Yeah, right! The kind that's 40% alcohol and has Vodka written on it?

I hear of a lot of student coming out of college or Uni that are totally unprepared for the real world.
 
I think WHERE you go to Uni matters a lot more than whether or not you went. There's 4 main State Colleges that have Design programs where I'm at. OU, OSU, USAO, and UCO. I went to UCO for a week, had to drop out because of adult life stuff but I wish I could have stayed, I loved the program they had. They had 2 classes that were required that were each their own design studio within the campus. A whole year of portfolio development and also 2 internships were required. It's an intense, competitive program. It had a high drop out rate, but the students who graduate there tend to have success. They also focused heavily on Illustration as well as Design. They didn't focus as much on the programs as they did the principles. That's why I picked it, I already knew the programs well.

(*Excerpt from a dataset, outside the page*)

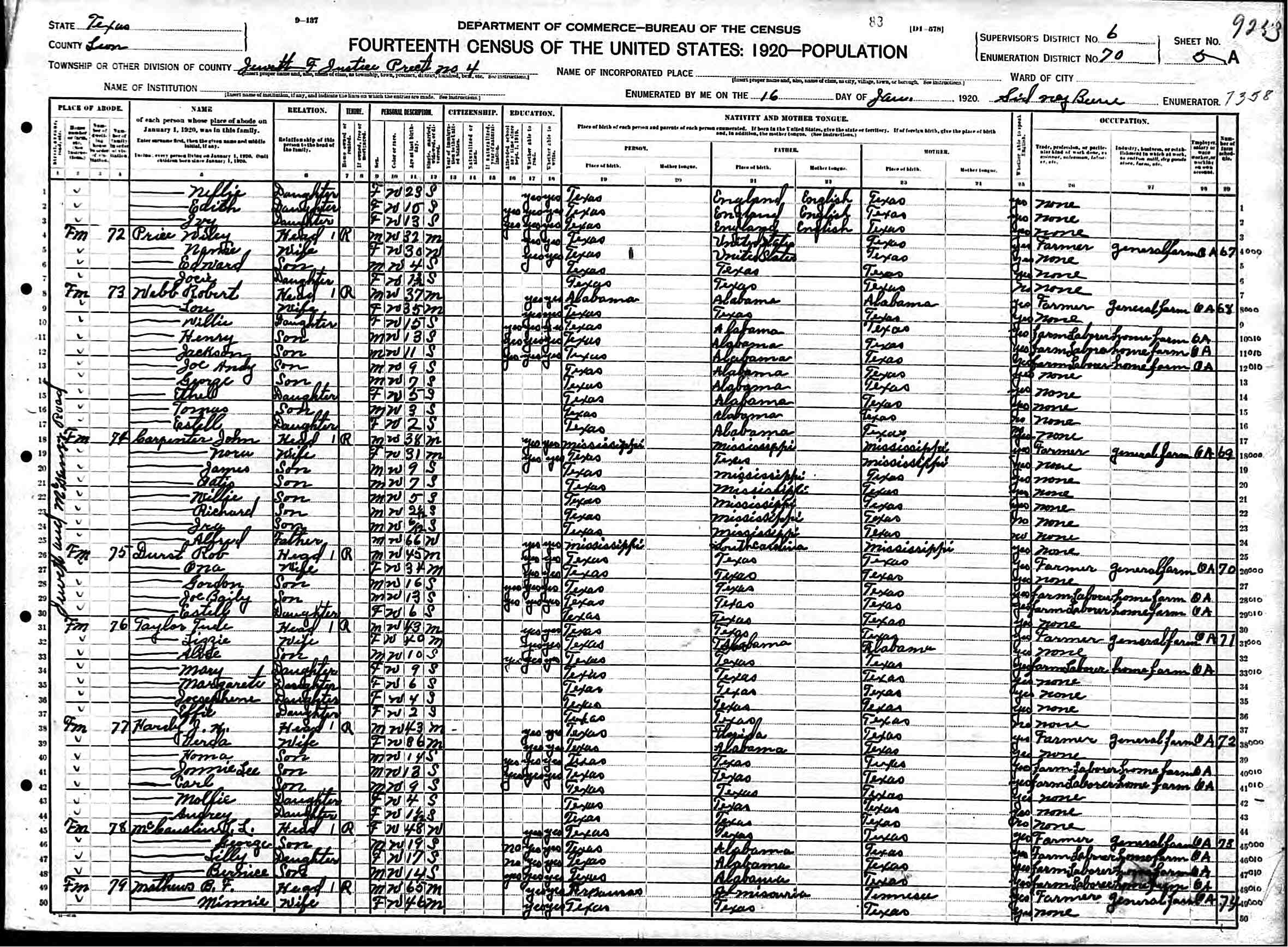 1920 Census pg 1

The other two colleges? Not as much. I've seen the student body of work at those colleges and I just was not impressed. Which is why I picked UCO.

I think you need to ask yourself WHY you're going to college. Are you going because you're supposed to? Are you going for the piece of paper? Or are you going there to learn the principles and skills needed in the industry you plan on going in to?

It's all a moot point anyways because I have votech certification and an unrelated Associate's Degree, and I just landed a great job with a company's magazine. The job posting listed a Bachelor's as a requirement, and they even offered me more than what was posted on the listing so I guess I'm doing just fine without the degree.